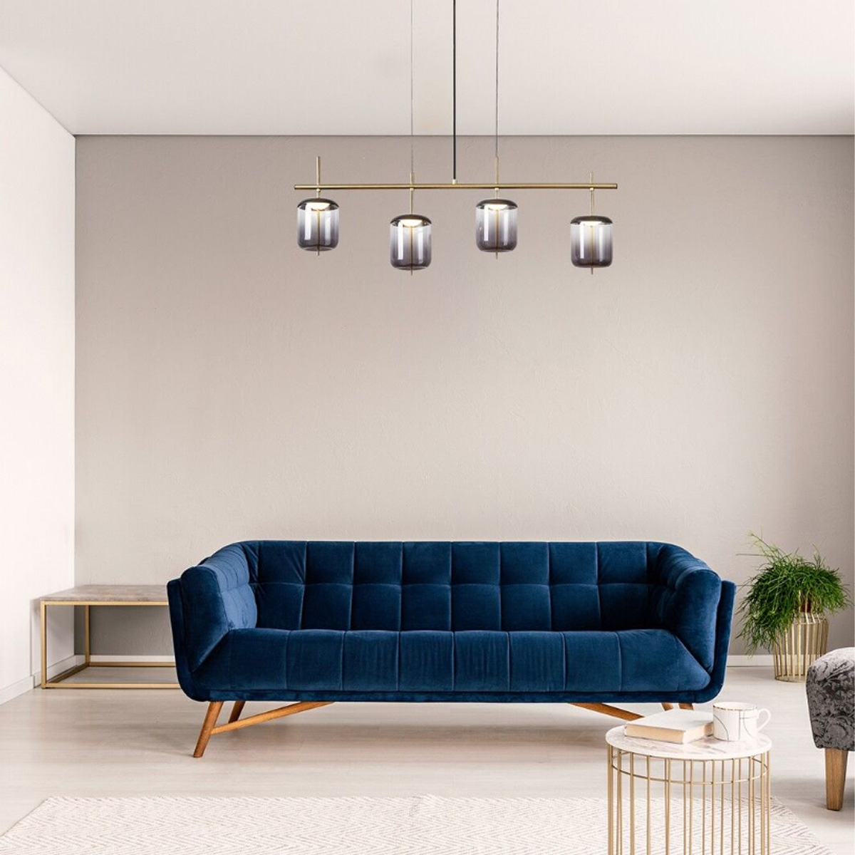 The Delice quadruple pendant lamp, available from the lampanox.pl online lighting store, is made of a combination of metal and glass, making it a unique addition to your modern home. Whether you place it in the living room or dining room, your guests will definitely notice it. The black and brass metal lamp is complemented by tinted lampshades and a square, black decorative base. The light is softly filtered under the dark Delice lampshades, which exude a unique atmosphere. This quadruple chandelier has built-in LED light sources with a total power of 24 W, a brightness of 1920 lumens and a color temperature of 4000 K. The light sources emitting natural white light have energy class A. The dimensions of this Delice chandelier are 950 mm in diameter and 1500 mm from the ceiling.
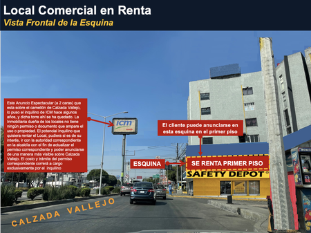 - *Condiciones Flexibles de Contrato.* *¡Contáctanos para más información sobre este increíble local comercial en Calzada Vallejo!* Estamos listos para orientarte en el proceso de arrendamiento y ayudarte a encontrar el espacio perfecto para tu negocio.
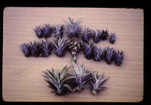 パインアップルについては、収集した品種・系統の諸形質を解析し、従来のカイエン、クィーン、レッドスパニッシュの3群に加えて、ブランコ、アマレロ、その他として台湾交配系統の6群に分類した。この研究は品種の系統関係の解明や交配組合せの選定に有益な知見を与えている。さらに、植物調節剤利用による増殖効率の向上、栄養系の組織培養による長期保存などの技術を開発している。最近では生食用優良品種の選定が重要課題となり、クィーン群、ブランコ群に有望な品種が見出されている。また、鑑賞用として有望な系統も見出されており、特性調査が進められている。このほか前述のギニアグラスのアポミクシス育種法の研究についても実施中である。
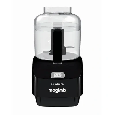 The Magimix Le Micro Mini Chopper in black is simple and effective, allowing you to chop, blend, puree and liquidise at the touch of a button.Accessories included with the Le Micro -Sabatier stainless steel bladeBPA- and ABS-free emulsifying bladeBPA- and ABS-free 800ml bowl and lidRecipe bookFor your safety the Le Micro will only operate if the bowl and lid are correctly locked into position.Detachable parts are dishwasher safe.Dimensions: H 240mm x L 120mm x D 170mm.Made in France.The Magimix Le Micro mini chopper is Good Houskeeping approved and supplied with a 3 year Magimix guarantee.
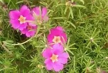 大花马齿苋:一年生草本,高10-30厘米。茎平卧或斜升,紫红色,多分枝,节上丛生毛。叶密集枝端,较下的叶不规则互生,叶片细圆柱形,无毛。花单生或数朵簇生枝端,直径2.5-4厘米,…全部>>
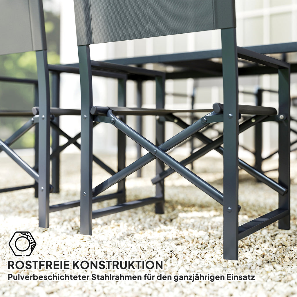 - Stühle der Gartengarnitur lassen sich zum platzsparenden Verstauen zusammenklappen
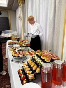Меню рассчитано на 10-15 человек, общее количество закусок 90, это около 6 закусок на человека. Предложение можно корректировать, можем менять , убирать закуски. Также корректировки возможны по услугам. Всегда открыты к обсуждению. Также вместе с официантом посуда для выкладки закусок едет бесплатно.
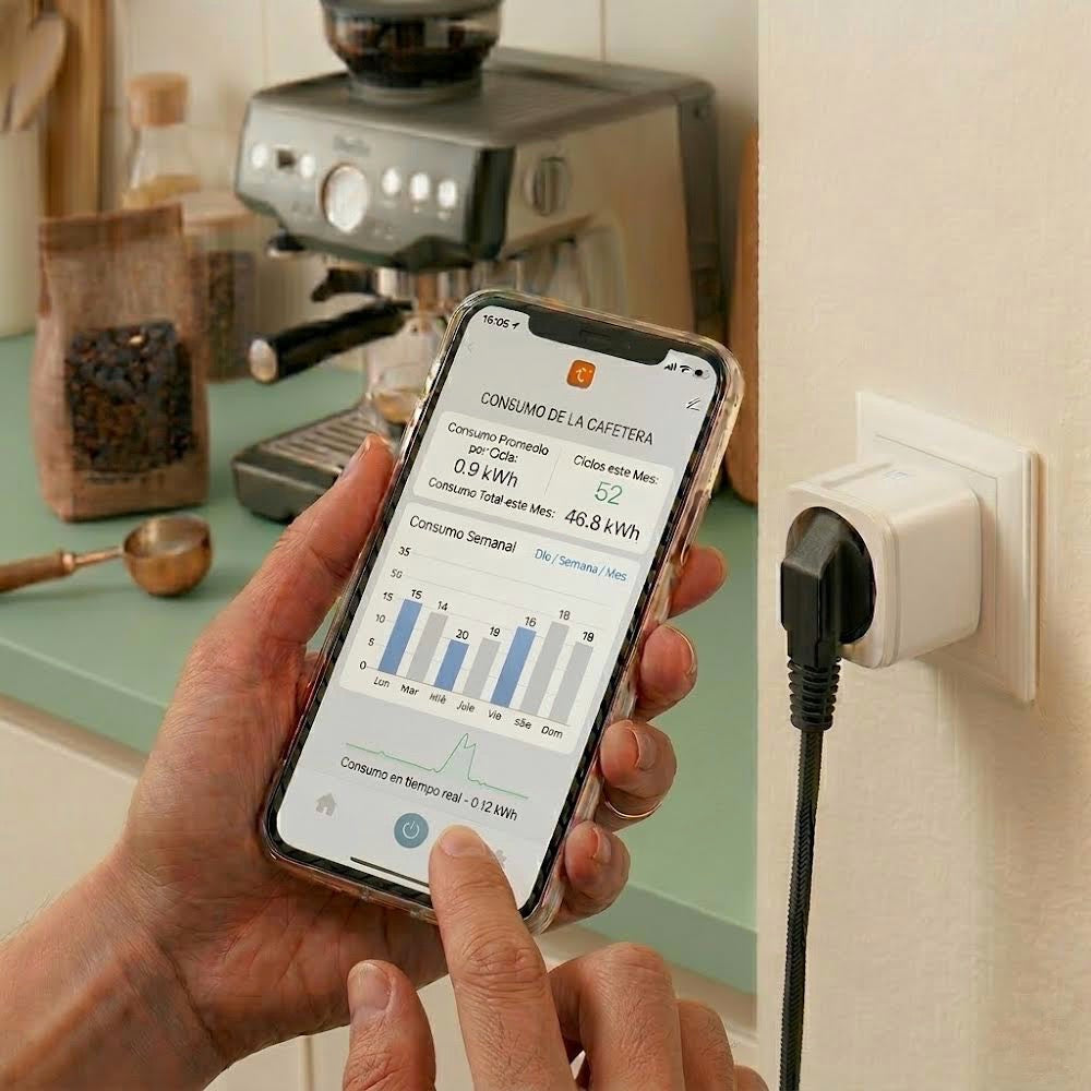 Incluye monitorización del consumo eléctrico en tiempo real y opción de programación de horarios para automatizar rutinas diarias.

▶ [WHAT YOU ARE ASKED TO DO]: No pictures belong in the copy: reproduce exactly the lines above from the one that contains "The Magimix Le Micro Mini Chopper in" through the last line of the entries.

▶ [RESULT OF THIS TASK]:
 The Magimix Le Micro Mini Chopper in black is simple and effective, allowing you to chop, blend, puree and liquidise at the touch of a button.Accessories included with the Le Micro -Sabatier stainless steel bladeBPA- and ABS-free emulsifying bladeBPA- and ABS-free 800ml bowl and lidRecipe bookFor your safety the Le Micro will only operate if the bowl and lid are correctly locked into position.Detachable parts are dishwasher safe.Dimensions: H 240mm x L 120mm x D 170mm.Made in France.The Magimix Le Micro mini chopper is Good Houskeeping approved and supplied with a 3 year Magimix guarantee.
 大花马齿苋:一年生草本,高10-30厘米。茎平卧或斜升,紫红色,多分枝,节上丛生毛。叶密集枝端,较下的叶不规则互生,叶片细圆柱形,无毛。花单生或数朵簇生枝端,直径2.5-4厘米,…全部>>
 - Stühle der Gartengarnitur lassen sich zum platzsparenden Verstauen zusammenklappen
Меню рассчитано на 10-15 человек, общее количество закусок 90, это около 6 закусок на человека. Предложение можно корректировать, можем менять , убирать закуски. Также корректировки возможны по услугам. Всегда открыты к обсуждению. Также вместе с официантом посуда для выкладки закусок едет бесплатно.
 Incluye monitorización del consumo eléctrico en tiempo real y opción de programación de horarios para automatizar rutinas diarias.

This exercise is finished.